Já
dá para ver que Jair Bolsonaro é um antiestadista
Em vez de dar a linha do governo,
presidente formou ministério que é um monstro de muitas cabeças
Ângela Alonso, Folha de S. Paulo
A
“nova política” fez aniversário de um mês. Nasceu entre promessas de renovação.
A tenra idade desaconselha vaticínios, mas a recém-nascida já exibe sua personalidade:
é do tipo que não deixa
ninguém dormir.
Seus
primeiros 30 dias foram uma eternidade para os adultos na sala: declarações
estrambóticas de ministros despreparados, liberação de posse de armas, suspeita
de vínculo dos Bolsonaro com milícias, a cirurgia do presidente e as manguinhas
de fora do vice.
O
destino do bebê é incógnito, mas nem precisa de quiromancia para ver que nasceu
sem a linha do estadista.
Muitos
os chamados, poucos os escolhidos, diz o livro sagrado. Muitos podem chegar ao
governo, poucos são aptos para conduzir um país.
O
estadista é da classe rara dos bem preparados. Não cai do céu, surge na grande
escola dos partidos, do convívio com os experientes, batiza-se no fogo das
crises.
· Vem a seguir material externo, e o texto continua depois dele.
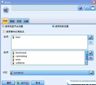 该“字段”选项卡,是设置参与建模的字段和目标字段的,可以看到其中包括两个选项,“使用类型节点设置”和“使用定制设置”,这里将为用户分别呈现两种选项的使用方法。这里无论选择哪个选项,都需要将市场分析员重点关注的商品包括在其中,其他商品可以不包括。

Domina, na definição do Houaiss, a “arte de governar”, exerce a
“liderança política com sabedoria e sem limitações partidárias”.
No livro de Nabuco que
leva a palavra no título, estadista é “o intérprete do interesse nacional”.
Seus perfis de homens de Estado do Império mostram que esta interpretação não é
unívoca nem aponta sempre no sentido da mudança: o “interesse nacional”
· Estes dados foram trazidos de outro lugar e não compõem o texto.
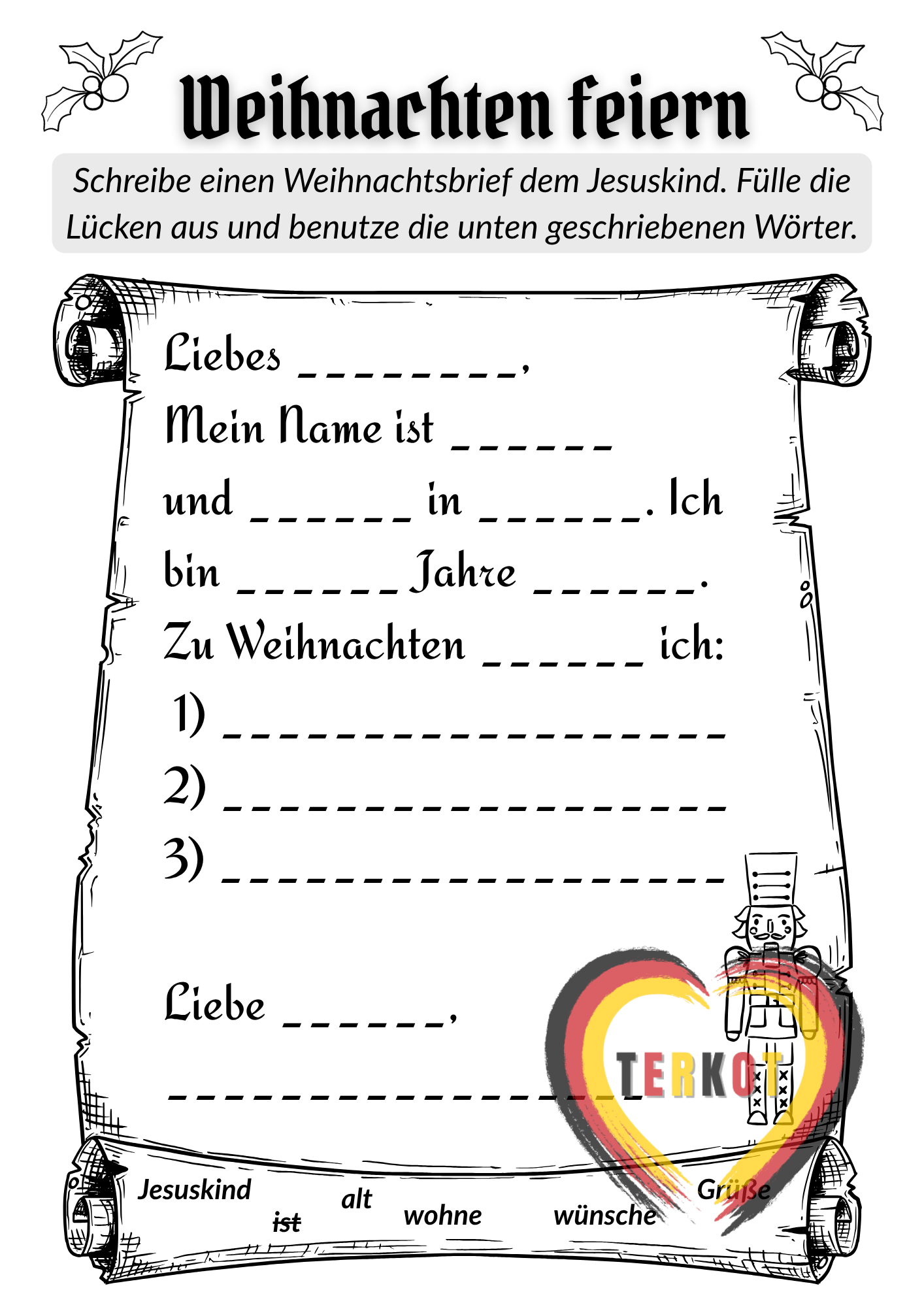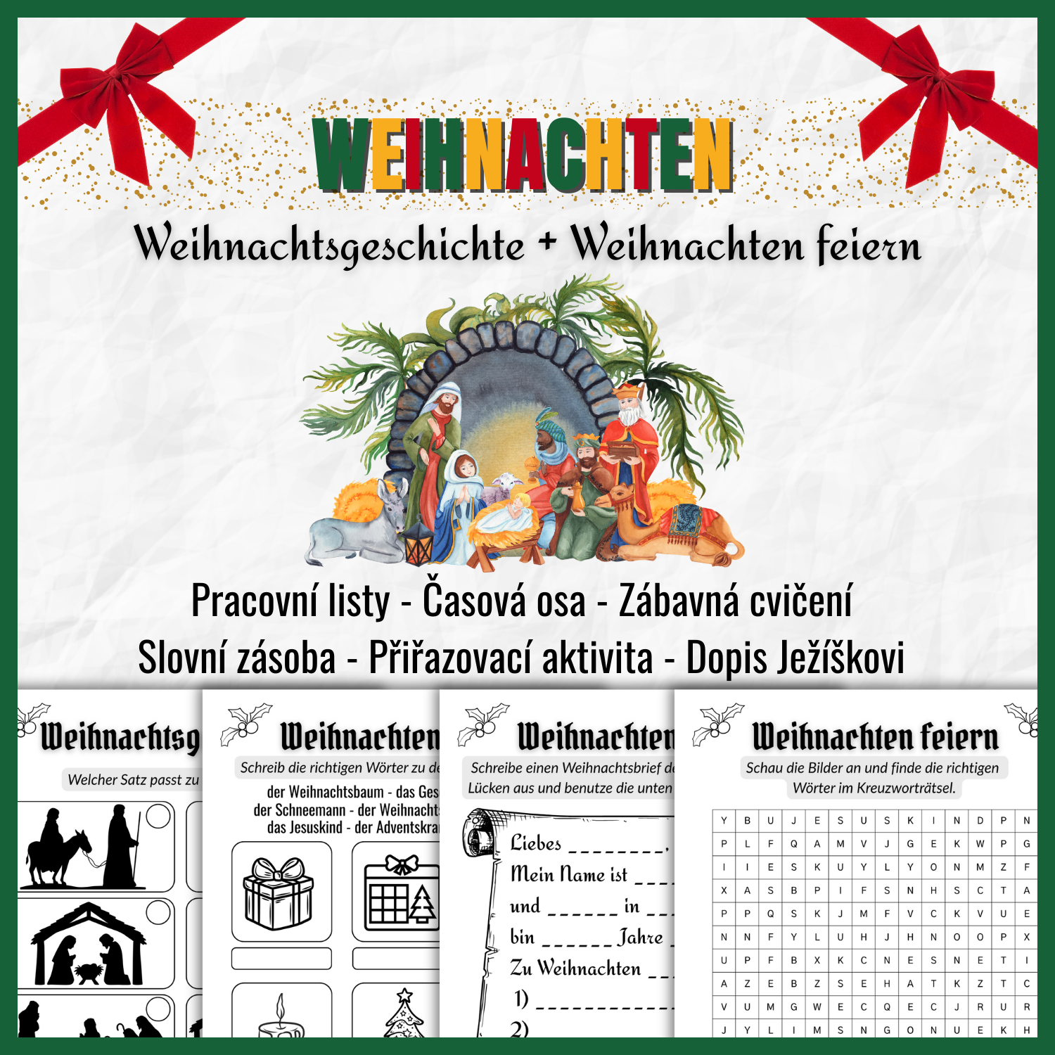 Tento materiál je určen pro žáky 2. stupně ZŠ nebo středoškoláky, kteří začínají s němčinou. Hlavním tématem je zde Weihnachtsgeschichte, tedy příběh o narození Ježíše. Žáci začínají s úvodními pracovními listy, kde si osvojí potřebnou slovní zásobu a ujasní si pořadí scén tohoto starého příběhu. Navazuje potom vyvrcholení tohoto projektu, kdy žáci z obrázků sestaví příběh o narození Ježíše a doplní ho o popisné věty. Věty jsou ve dvou úrovních, dle znalostí žáků. Doporučuji práci v menších skupinkách (obrázky formátu A5) a následně společná kontrola s učitelem na tabuli/koberci (obrázky formátu A4).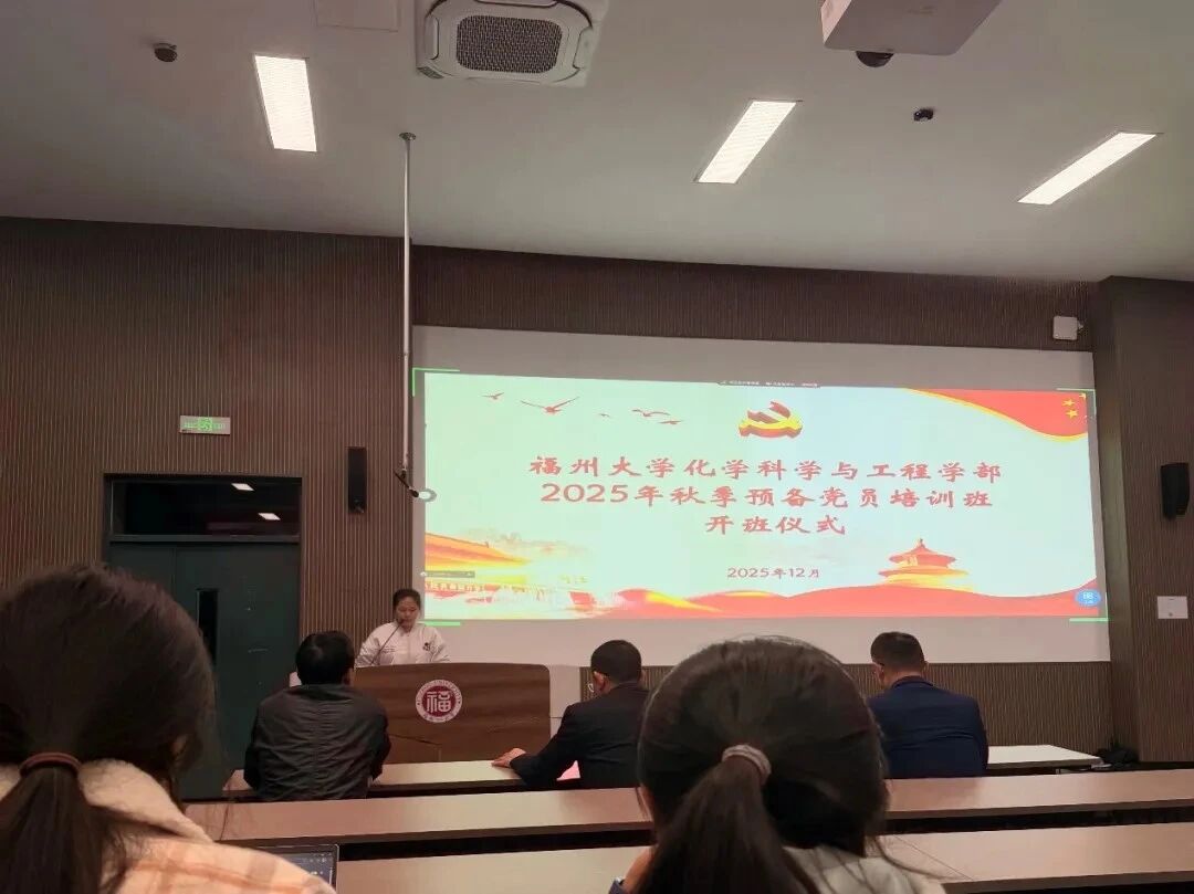 2025年12月8日至12月20日,福州大学化学科学与工程学部组织开展了2025年秋季学期预备党员培训班。本次培训为期两周,课程内容丰富详实、培训形式灵活多样,为全体学员带来了一场充实而深刻的学习之旅。2025年12月8日至12月20日,福州大学化学科学与工程学部组织开展了2025年秋季学期预备党员培训班。本次培训为期两周,课程内容丰富详实、培训形式灵活多样,为全体学员带来了一场充实而深刻的学习之旅。

consiste muitas vezes em barrá-la. A simples defesa de reformas não produz,
pois, o estadista.
Nem
na definição do dicionarista nem na nabuquiana cabe Bolsonaro. Sua arte é a do
combate. Vale-se das táticas de guerra informacional para deslegitimar
oponentes e da imagem de homem
comum para produzir uma liderança projetiva —“ele é um de nós”.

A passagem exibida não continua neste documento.